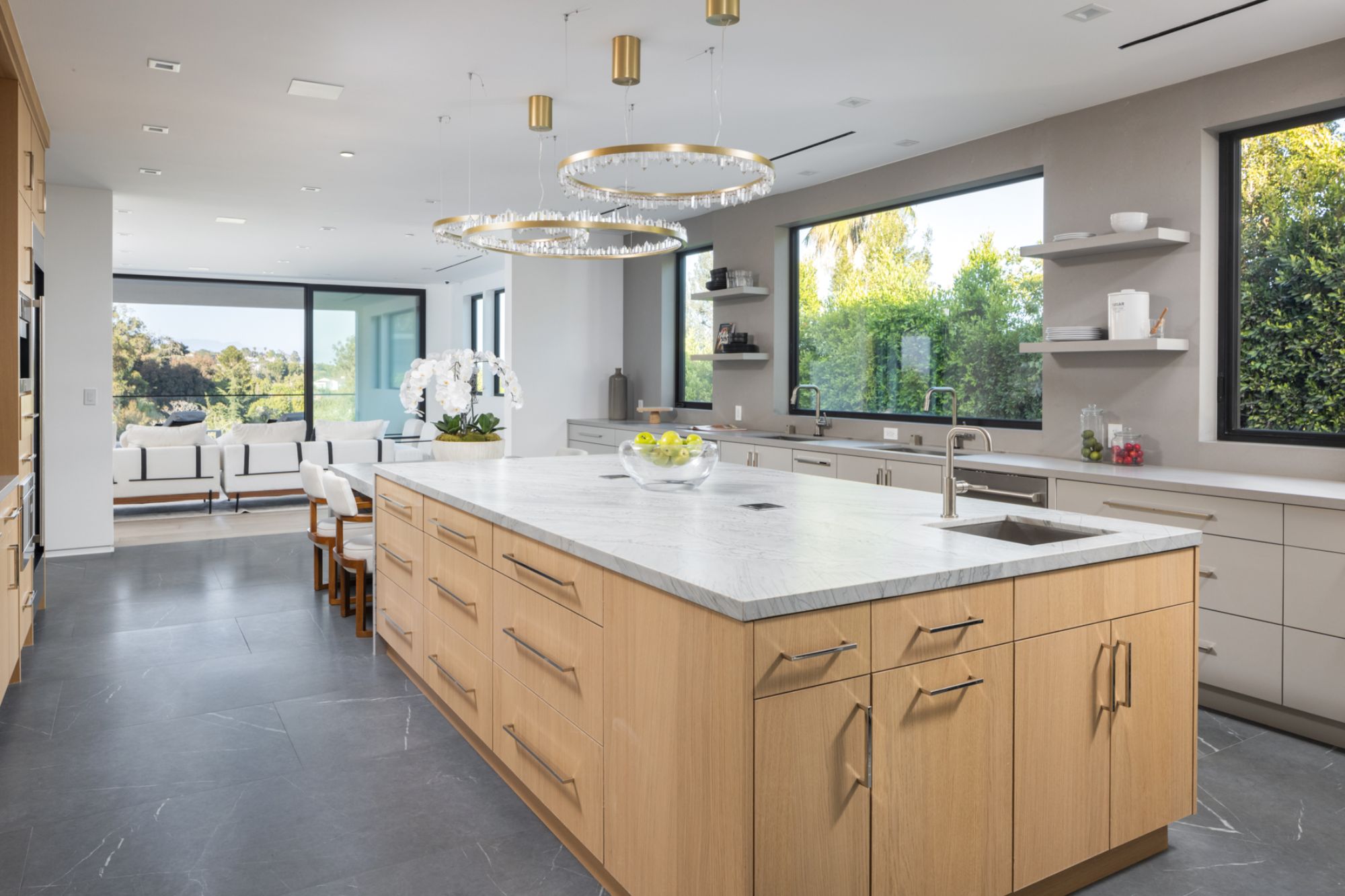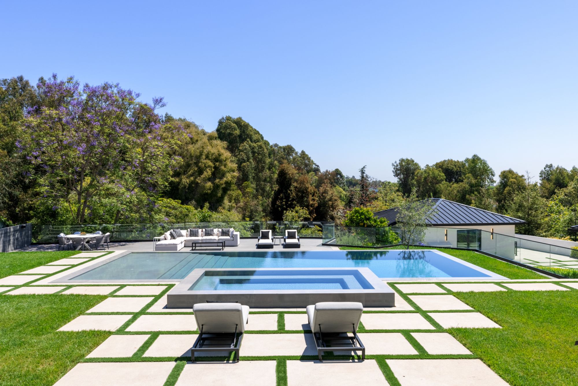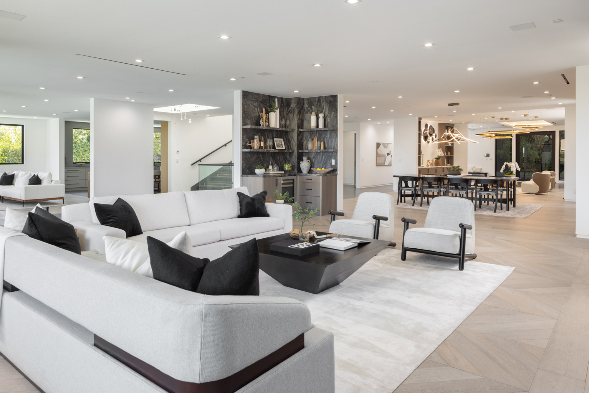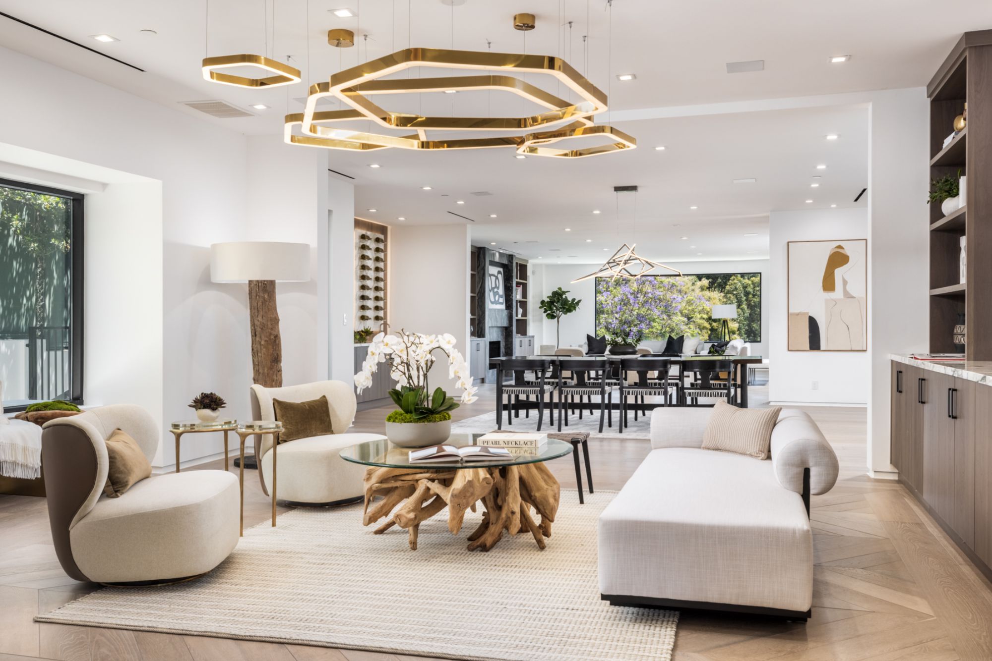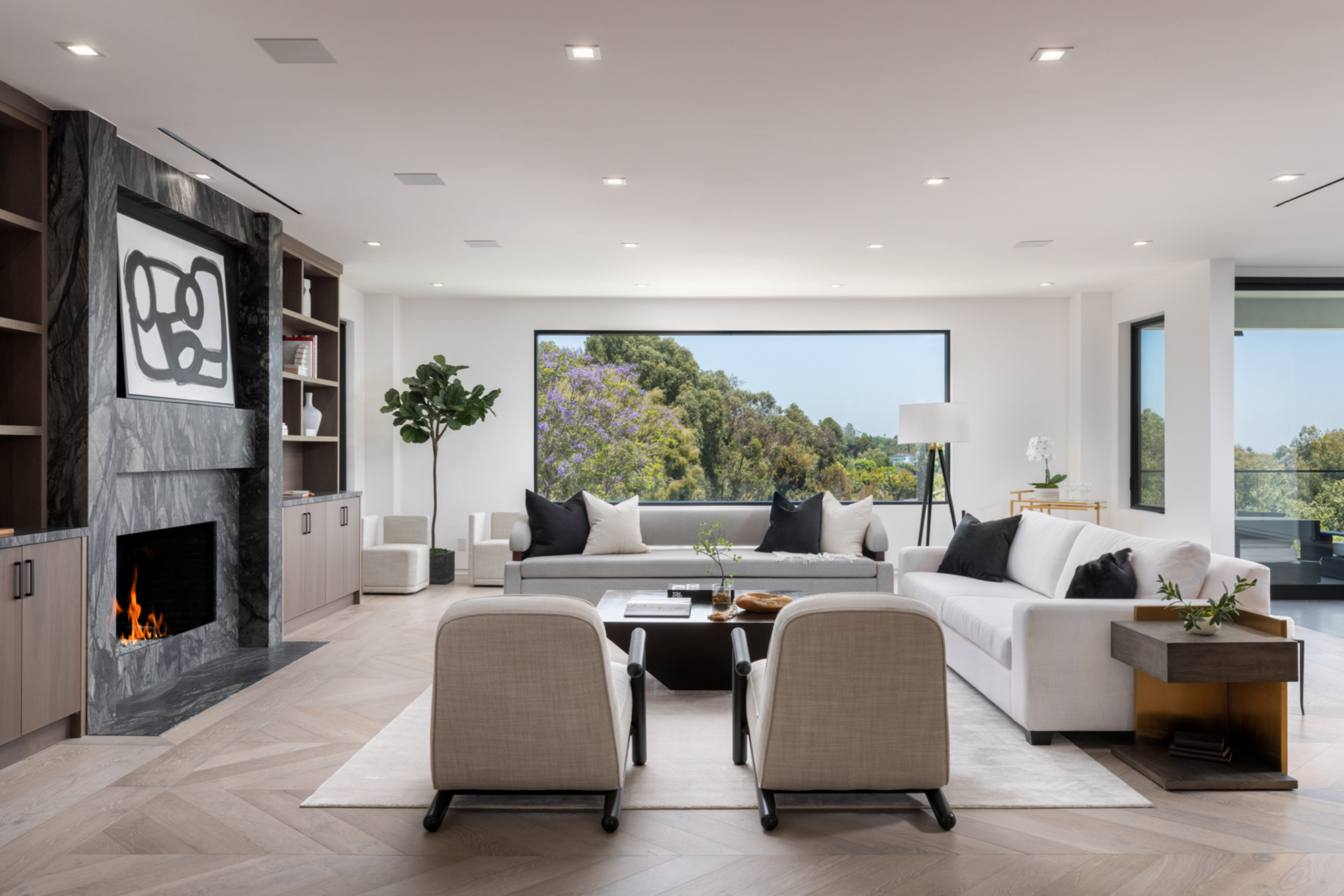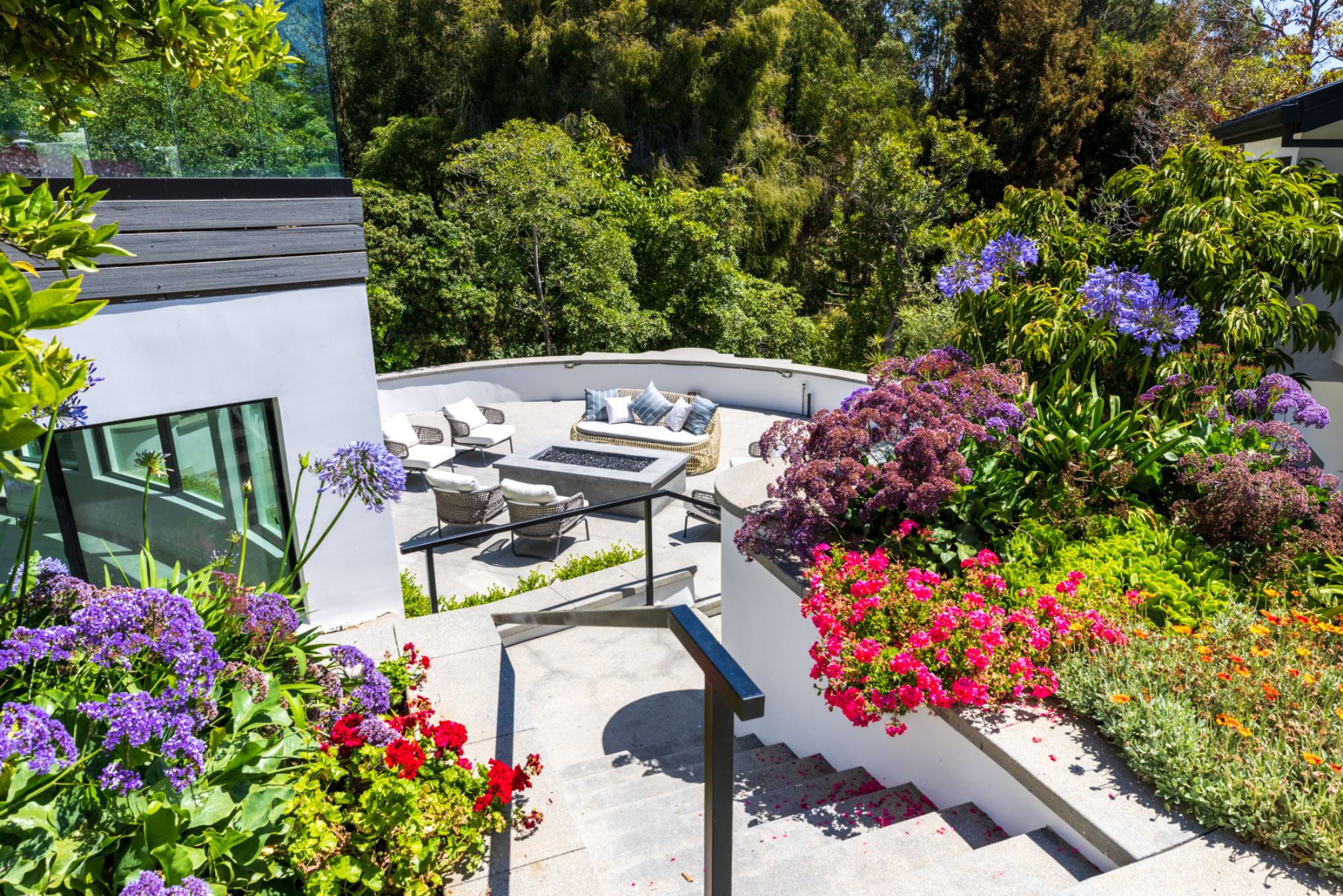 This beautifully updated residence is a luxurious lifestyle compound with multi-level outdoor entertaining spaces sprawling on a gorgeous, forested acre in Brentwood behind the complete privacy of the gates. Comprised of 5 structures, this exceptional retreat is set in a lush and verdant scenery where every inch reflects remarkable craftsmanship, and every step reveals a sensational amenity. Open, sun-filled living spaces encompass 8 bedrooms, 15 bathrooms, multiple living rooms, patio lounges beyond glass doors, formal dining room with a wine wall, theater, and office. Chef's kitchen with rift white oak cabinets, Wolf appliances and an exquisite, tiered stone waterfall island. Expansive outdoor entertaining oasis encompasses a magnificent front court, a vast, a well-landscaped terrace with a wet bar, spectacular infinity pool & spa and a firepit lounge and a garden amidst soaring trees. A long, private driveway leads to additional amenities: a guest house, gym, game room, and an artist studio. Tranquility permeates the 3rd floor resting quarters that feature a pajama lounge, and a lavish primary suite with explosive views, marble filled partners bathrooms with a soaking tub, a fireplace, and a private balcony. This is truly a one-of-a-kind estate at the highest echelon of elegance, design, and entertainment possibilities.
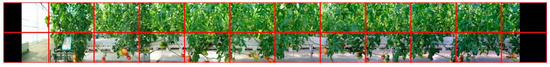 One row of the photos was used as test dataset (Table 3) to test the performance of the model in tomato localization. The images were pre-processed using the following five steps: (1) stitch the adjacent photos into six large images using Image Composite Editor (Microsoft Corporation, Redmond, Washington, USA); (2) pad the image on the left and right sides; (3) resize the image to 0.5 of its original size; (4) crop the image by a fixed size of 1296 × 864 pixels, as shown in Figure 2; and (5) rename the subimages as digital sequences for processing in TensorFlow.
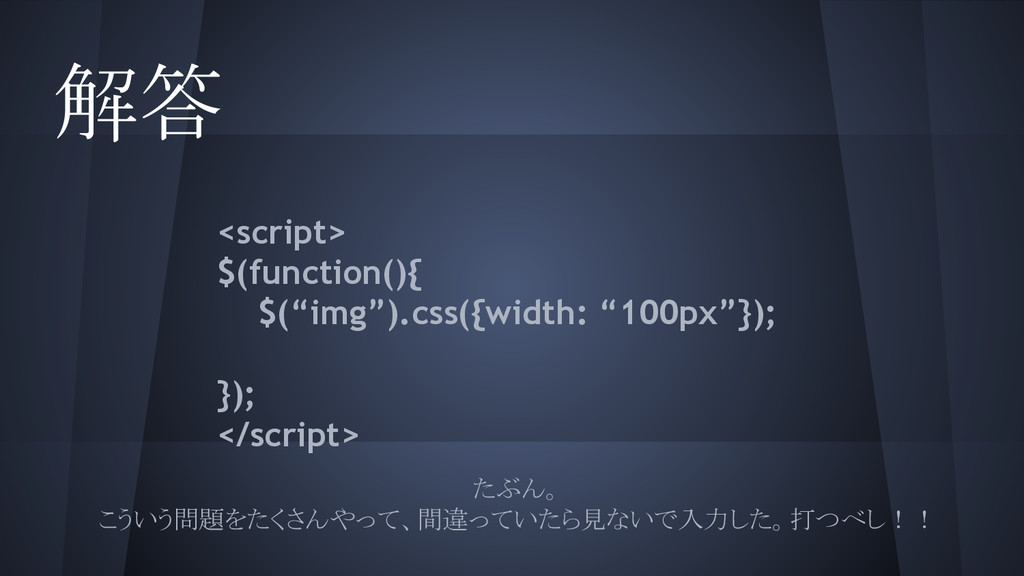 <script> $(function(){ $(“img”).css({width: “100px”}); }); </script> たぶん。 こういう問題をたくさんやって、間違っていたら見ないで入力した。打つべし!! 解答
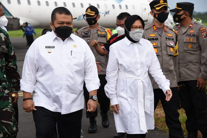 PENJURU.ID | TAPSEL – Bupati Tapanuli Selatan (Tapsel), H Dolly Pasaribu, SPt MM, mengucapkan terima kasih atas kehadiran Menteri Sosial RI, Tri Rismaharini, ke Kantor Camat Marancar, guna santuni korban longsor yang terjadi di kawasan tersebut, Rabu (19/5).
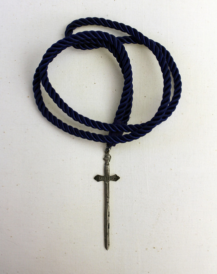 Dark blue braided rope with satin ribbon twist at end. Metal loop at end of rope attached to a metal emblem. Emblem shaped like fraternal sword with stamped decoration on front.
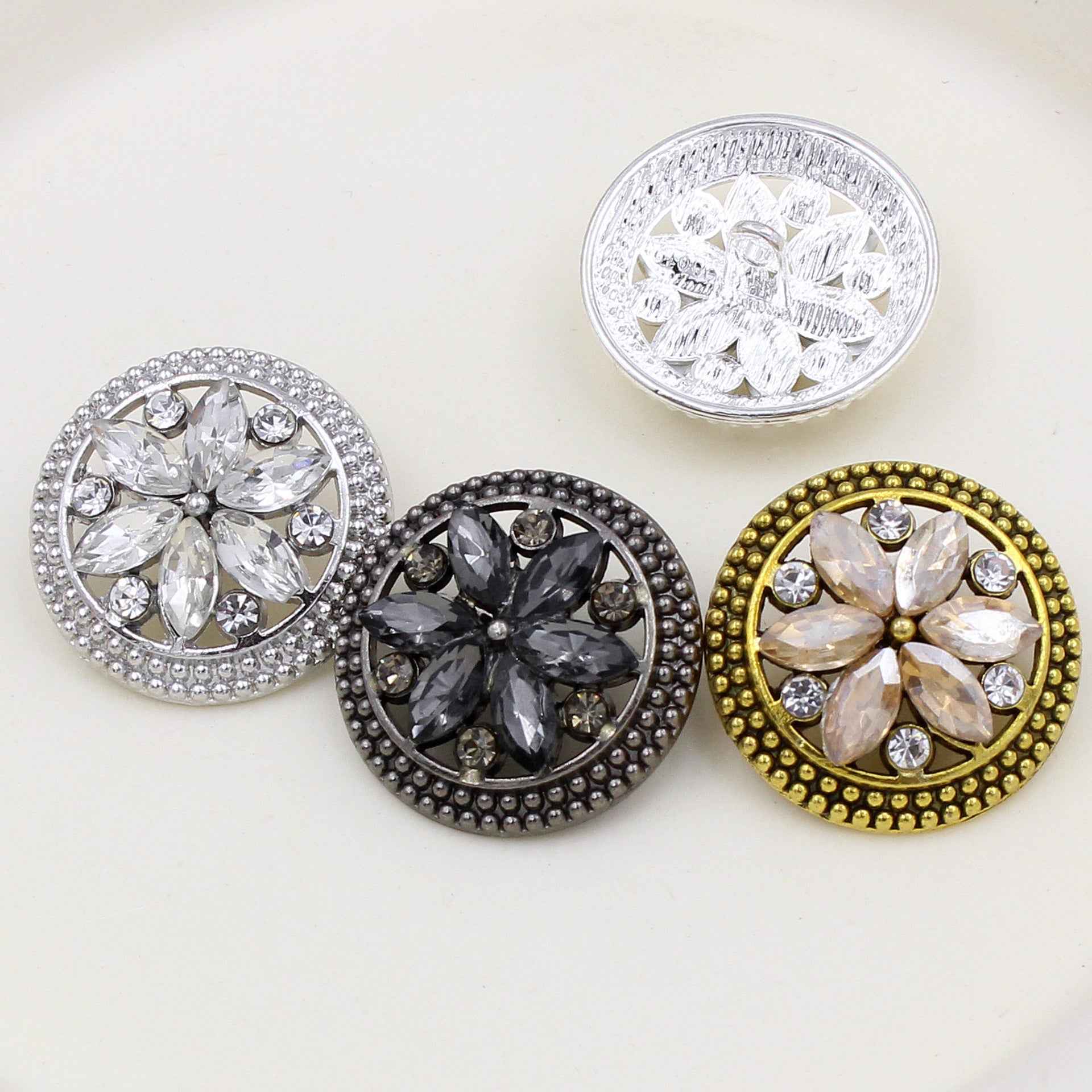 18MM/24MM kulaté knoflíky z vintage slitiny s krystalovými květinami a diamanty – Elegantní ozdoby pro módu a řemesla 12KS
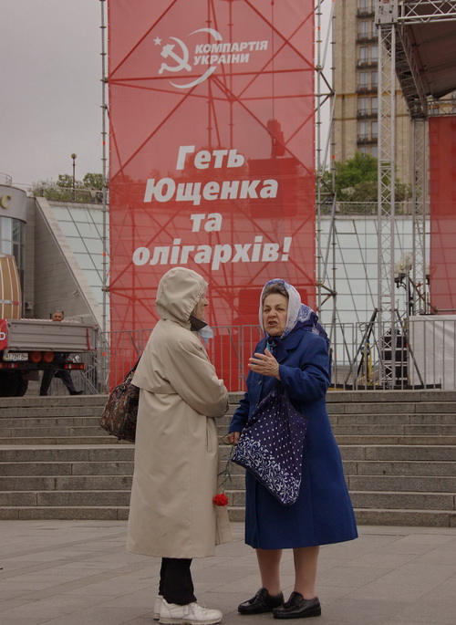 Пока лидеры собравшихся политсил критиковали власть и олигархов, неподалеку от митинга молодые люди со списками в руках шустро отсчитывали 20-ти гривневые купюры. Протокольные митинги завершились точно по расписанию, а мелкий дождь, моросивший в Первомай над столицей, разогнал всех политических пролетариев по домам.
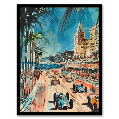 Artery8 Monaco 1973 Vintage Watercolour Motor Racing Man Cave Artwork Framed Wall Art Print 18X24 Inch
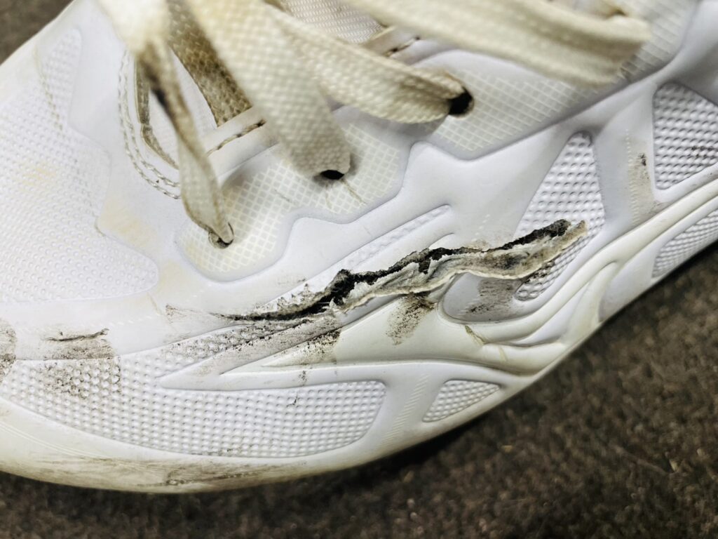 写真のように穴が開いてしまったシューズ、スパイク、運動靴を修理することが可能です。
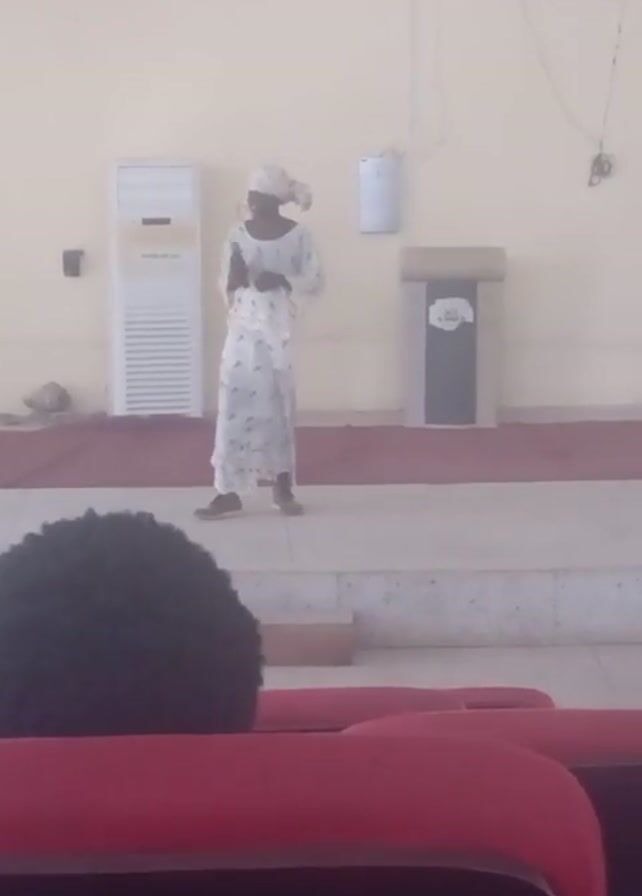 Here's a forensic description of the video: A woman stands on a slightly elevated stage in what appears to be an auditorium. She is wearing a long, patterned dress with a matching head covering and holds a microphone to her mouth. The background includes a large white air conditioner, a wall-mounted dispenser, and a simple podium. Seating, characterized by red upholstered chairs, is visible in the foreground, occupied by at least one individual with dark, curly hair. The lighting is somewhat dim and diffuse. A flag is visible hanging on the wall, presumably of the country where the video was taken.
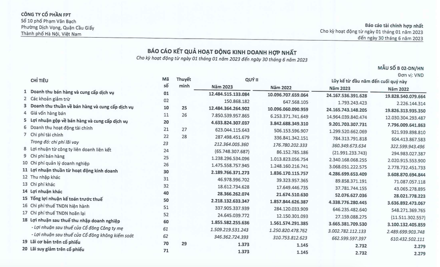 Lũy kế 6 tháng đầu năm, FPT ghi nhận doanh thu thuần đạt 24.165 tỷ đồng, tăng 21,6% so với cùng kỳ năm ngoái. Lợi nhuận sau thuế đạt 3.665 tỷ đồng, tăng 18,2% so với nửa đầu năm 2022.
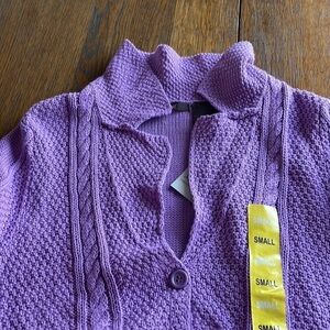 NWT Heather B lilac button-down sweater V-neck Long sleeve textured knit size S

=== Exercise details ===
Exactly the lines from the one with "Here's a forensic" to the last line of the listing are wanted, both ends included and pictures excluded.

=== Response area ===
 Here's a forensic description of the video: A woman stands on a slightly elevated stage in what appears to be an auditorium. She is wearing a long, patterned dress with a matching head covering and holds a microphone to her mouth. The background includes a large white air conditioner, a wall-mounted dispenser, and a simple podium. Seating, characterized by red upholstered chairs, is visible in the foreground, occupied by at least one individual with dark, curly hair. The lighting is somewhat dim and diffuse. A flag is visible hanging on the wall, presumably of the country where the video was taken.
 Lũy kế 6 tháng đầu năm, FPT ghi nhận doanh thu thuần đạt 24.165 tỷ đồng, tăng 21,6% so với cùng kỳ năm ngoái. Lợi nhuận sau thuế đạt 3.665 tỷ đồng, tăng 18,2% so với nửa đầu năm 2022.
 NWT Heather B lilac button-down sweater V-neck Long sleeve textured knit size S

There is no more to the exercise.